NATIONAL FAMILY SUPPORT NETWORKSUPPORTING FAMILY MEMBERS LIVING WITH SUBSTANCE MISUSE
Drugs and Health Information
This section of the website gives some brief information on the most commonly used drugs and their effects. It does not set out to be a comprehensive guide. While reading this information it is important to understand that drug use in the family is not a problem that must be handled alone. There is help available no matter what the scale of the problem. If you think that a member of your family is using drugs and you want to talk someone contact your nearest Family Support Group or Family Support Network. Remember the right information can help you make better choices and decisions. It also makes it easier to talk about drugs in an open and informed way.
What do we mean when we talk about drug use?
People in Ireland today use many different kinds of drugs. These drugs may be legal or illegal, helpful or harmful. Every drug has side effects and risks, but some drugs have more risks than others, especially illegal drugs. The most commonly used illegal drugs in Ireland today are cannabis, ecstasy, heroin and cocaine.

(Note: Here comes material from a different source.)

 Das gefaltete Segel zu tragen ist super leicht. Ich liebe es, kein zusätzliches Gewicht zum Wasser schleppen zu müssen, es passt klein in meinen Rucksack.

Problem drug use results from a combination of factors. These are:
What drug is being used?
Who is using the drug (especially the mood and the personality of the individual)?

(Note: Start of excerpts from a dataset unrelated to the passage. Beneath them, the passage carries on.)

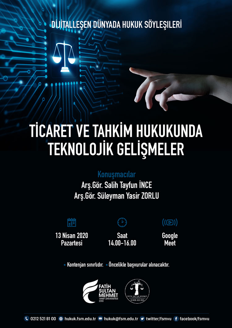 Hukuk Fakültesi ve Hukuk Kulübü işbirliğinde gerçekleştirilecek "Dijitalleşen Dünyada Hukuk" başlıklı söyleşilerin ilki 13.04.2020 tarihinde gerçekleştirilecektir.
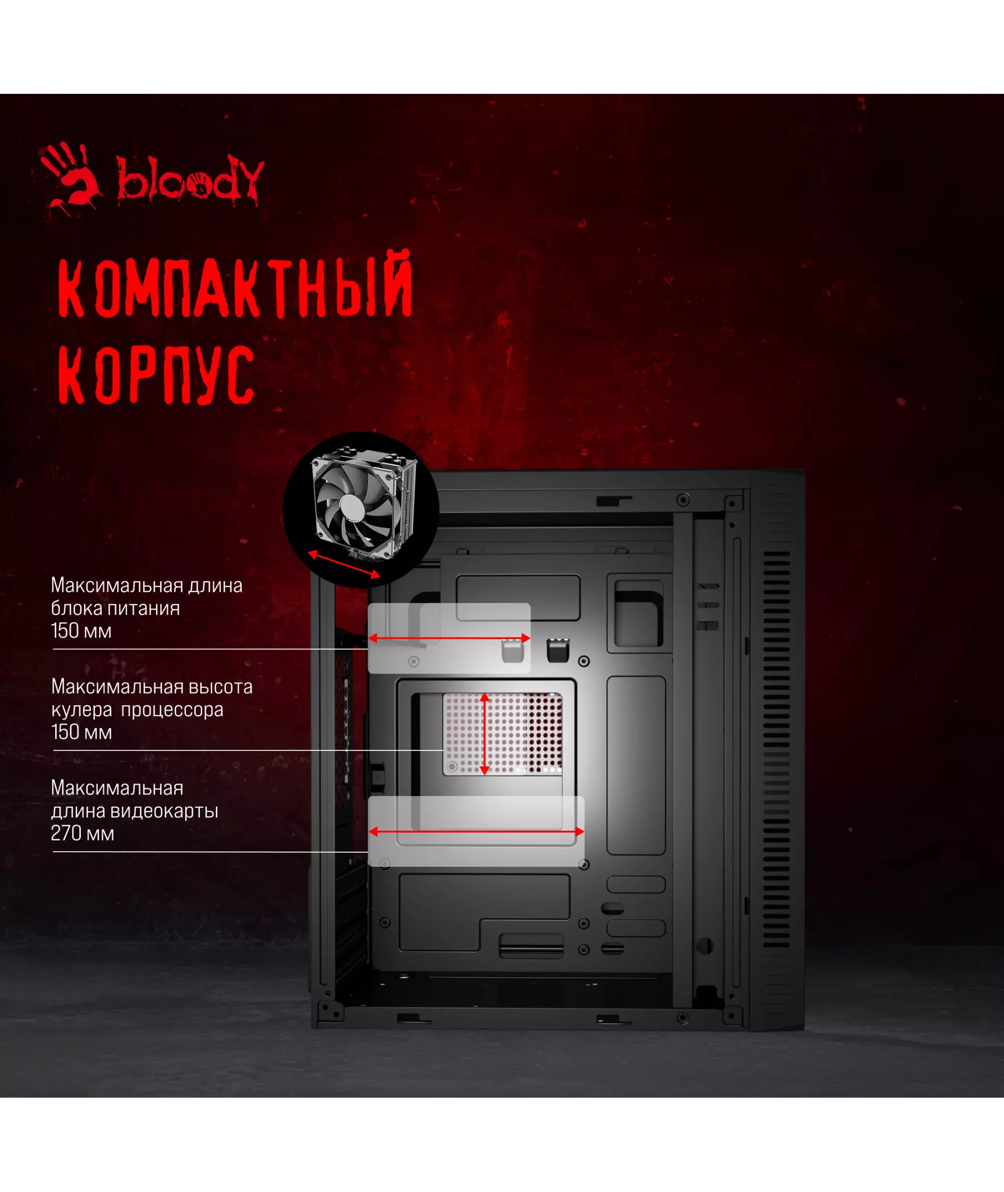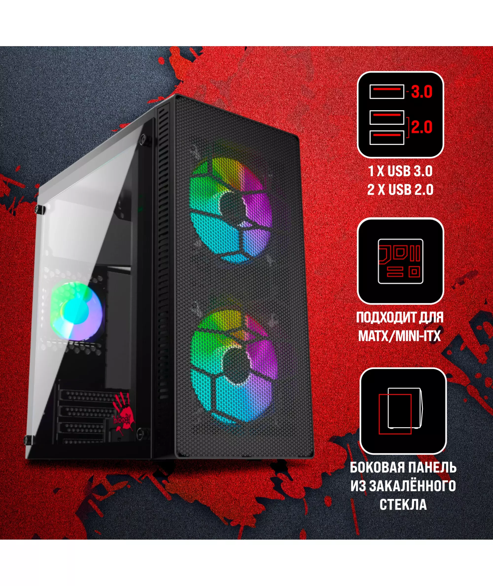 Корпус Bloody BD-CC101 черный без БП mATX 1x80mm 1x92mm 2x120mm 2xUSB2.0 1xUSB3.0 audio [BD-CC101-BK]
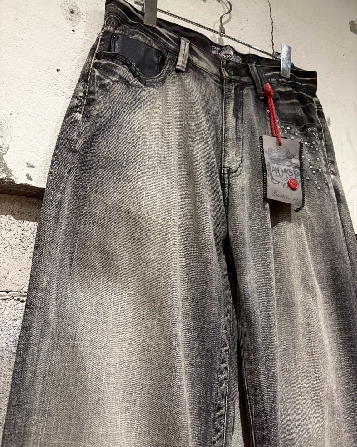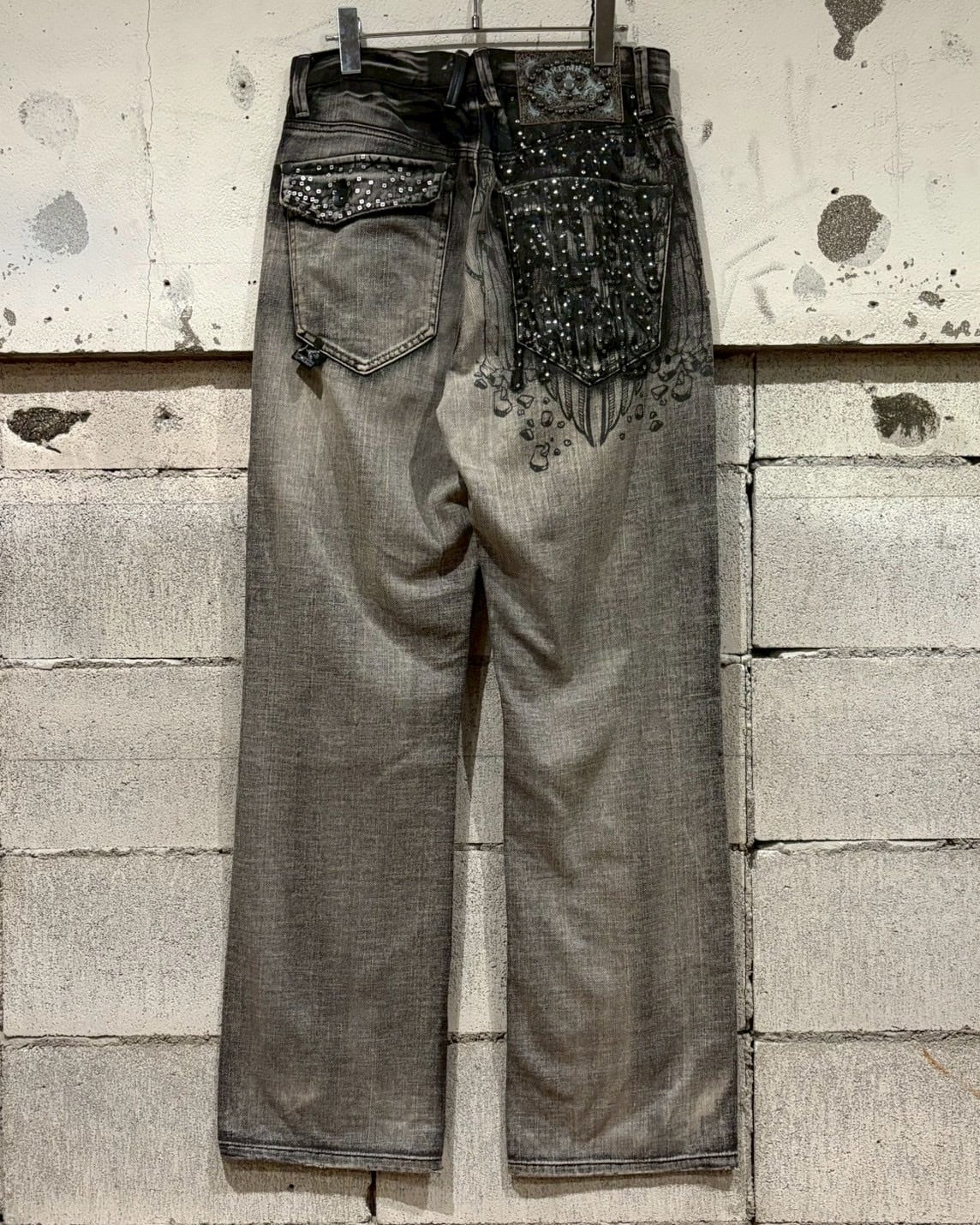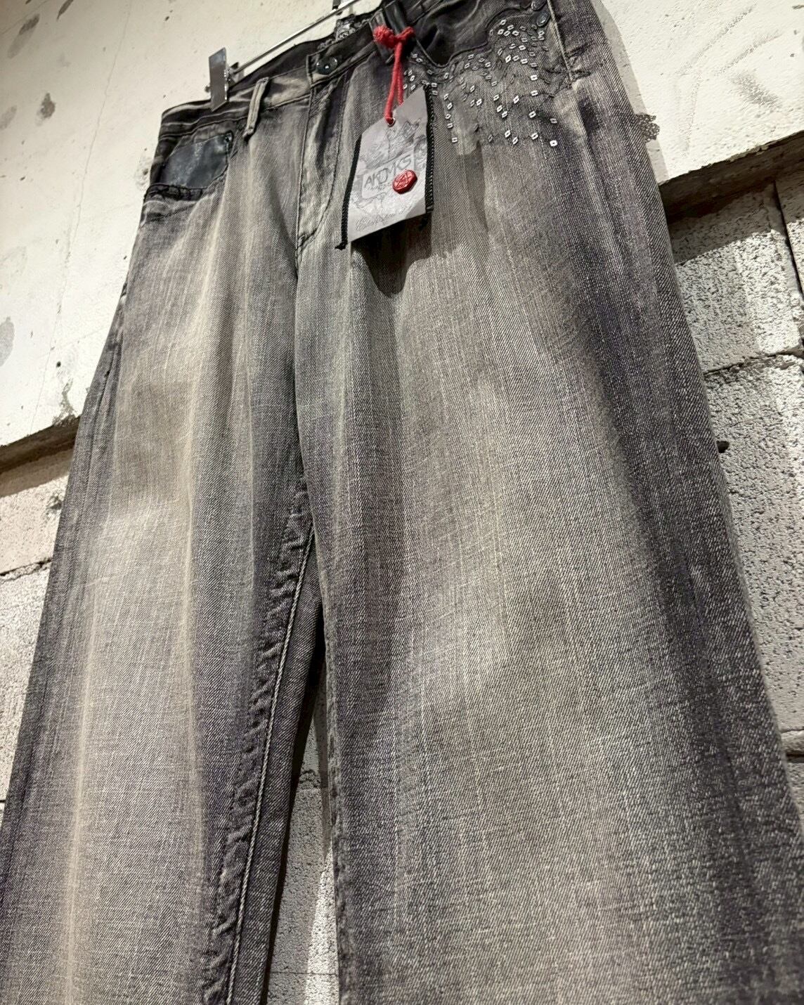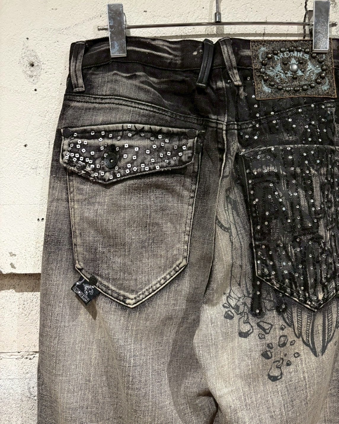 フロントにはレザーのコインポケットの切り替えやリベット使い、さらにステッチを叩き、スパンコールを散りばめたデザイン。バックポケットにも立体感のあるラインストーン、スパンコールを施し、ブランドらしい高いデザイン性を誇ります。

Why are they using the drug?
Where are they using the drug?
How are they using the drug?
To begin to understand the problems you have to know what drug is involved and what is happening in the life of the person using the drug. Different drugs create different problems for different people. These problems need different answers.
Why do people use drugs?
Different people use different drugs for different reasons. There are of course ‘legal drugs’ which we all come across everyday. For example some people take medicine when they are sick, alchohol to help them relax or coffee to help them stay awake. What we are talking about in this section are mainly ‘illegal drugs’. Typical reasons why people may experiment with illegal drugs include curiosity, peer influence, or a desire to escape boredom or worries. People also take certain drugs to change how they feel. They may believe it’s a fun or fashionable thing to do. People may continue to use a drug because they enjoy it, or because it’s part of their social life or culture. This is often called ‘recreational’ drug use. Sometimes because of ongoing emotional or psychological problems, or because of social factors, drug use can become an important part of a person’s life. The use of some drugs can lead to dependency, where a person loses control over their drug use and feels they cannot function without the drug.
Myths & Misconceptions
There are no easy answers to the problems caused by drug use, but having the right information can help. The facts are important in helping you deal with drugs issues.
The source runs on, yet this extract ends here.